Smoking during pregnancy does carry many risks with it. While there is a lot of conflicting data about the degree and type of effects, there are a few points that most studies will agree upon.
Smoking may increase the risk of preterm premature rupture of membranes, abruptio placentae, and placenta previa, and with a modest increase in risk for preterm delivery. Infants born to women who smoke during pregnancy have a lower average birth weight and may be more likely to be small for gestational age than are infants born to women who do not smoke. Smoking during pregnancy may also increase the risk of stillbirth, miscarriage, and severe vaginal bleeding.
Additonally, smoking can affect the mother during pregnancy. If you smoke while you are pregnant, you will have an increased rate of chest infections and blood clotting disorders.
Nursing mothers who smoke more than 20 cigarettes a day will likely pass along harmful chemicals from cigarettes to their babies in breast milk. Heavy smoking can reduce a mother's milk supply, and on rare occasions has caused symptoms in the breastfeeding baby such as nausea, vomiting, abdominal cramps, and diarrhea.
Studies have shown that these risks are drastically reduced when a woman quits smoking during pregnancy, particularly during the first trimester. At a minimum, a reduction in smoking habits will at least mildly reduce some of these risks.
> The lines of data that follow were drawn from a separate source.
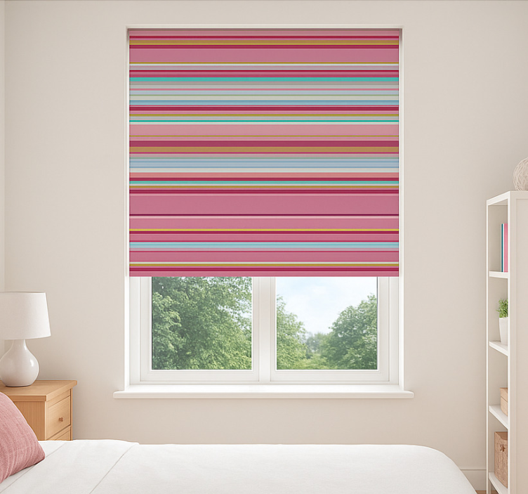 Cortina roller juvenil patrón de rayas rosas
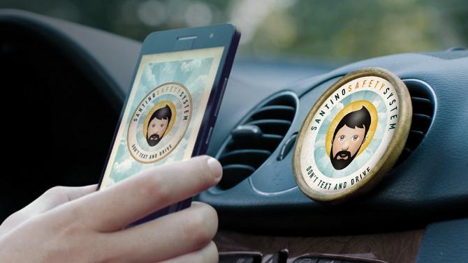 Prendendo ispirazione dai vecchi santini da auto, la Compagnia ha ideato un innovativo device da tenere sul cruscotto dotato di tecnologia NFC che dialoga con il cellulare del guidatore attraverso un’App dedicata, in questo modo disabilita ogni notifica e risponde al suo posto mentre è al volante, evitandogli pericolose distrazioni.
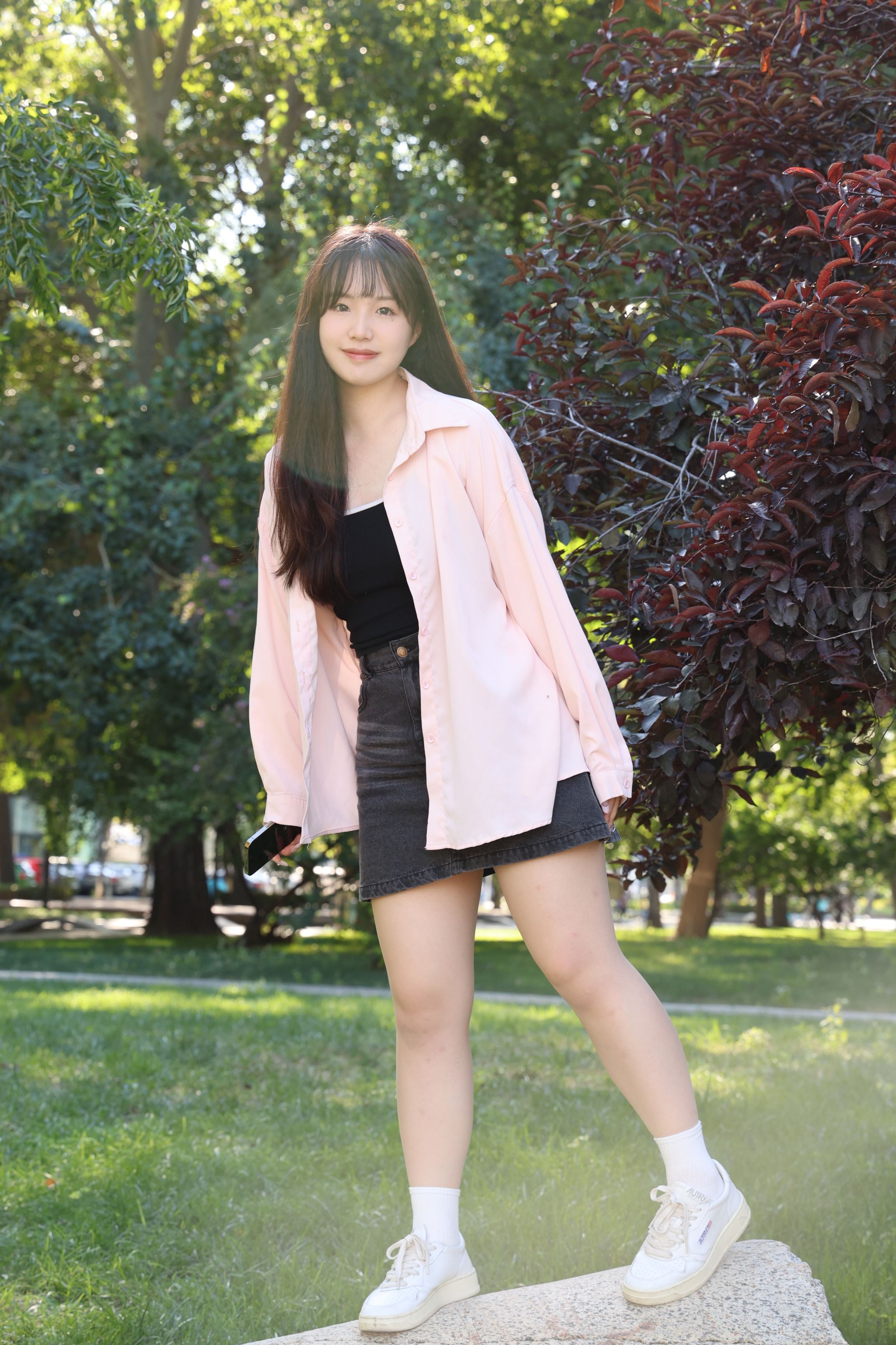In her free time, Kim enjoys working out at the gym, particularly strength training. “I think it’s cool for girls to have muscles,” she says proudly, flexing her arm with a laugh.
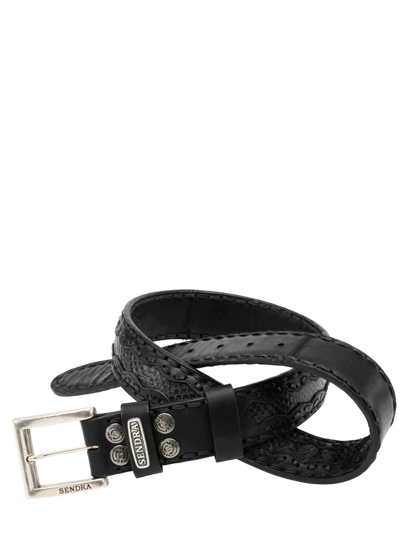 Für Schlangenbezwinger. Mit diesem Gürtel beweist Sendra® mal wieder seine Kunstfertigkeit beim Thema Leder. Ein echtes Unikat. Gefertigt aus doppelt vernähtem spanischen Rindleder, anschließend wird eine weitere Schicht in Schlangenoptik aufgetragen. Die Zamak-Schnalle ist durch die verarbeiteten Druckknöpfe austauschbar. Wenn, dann immer in der Jeans.

Many aids are available for quitting smoking during pregnancy. The Nicotine patch has been shown in some studies to be safe for pregnant women. However, studies are ongoing and you should consult with your physician about using the patch while you are pregnant. Medications such as the anti-depressant Wellbutrin, which has shown to be an effective smoking cessation aid, may or may not be safe to use during pregnancy. Again, these should be used under a physician's care, and only when absolutely necessary.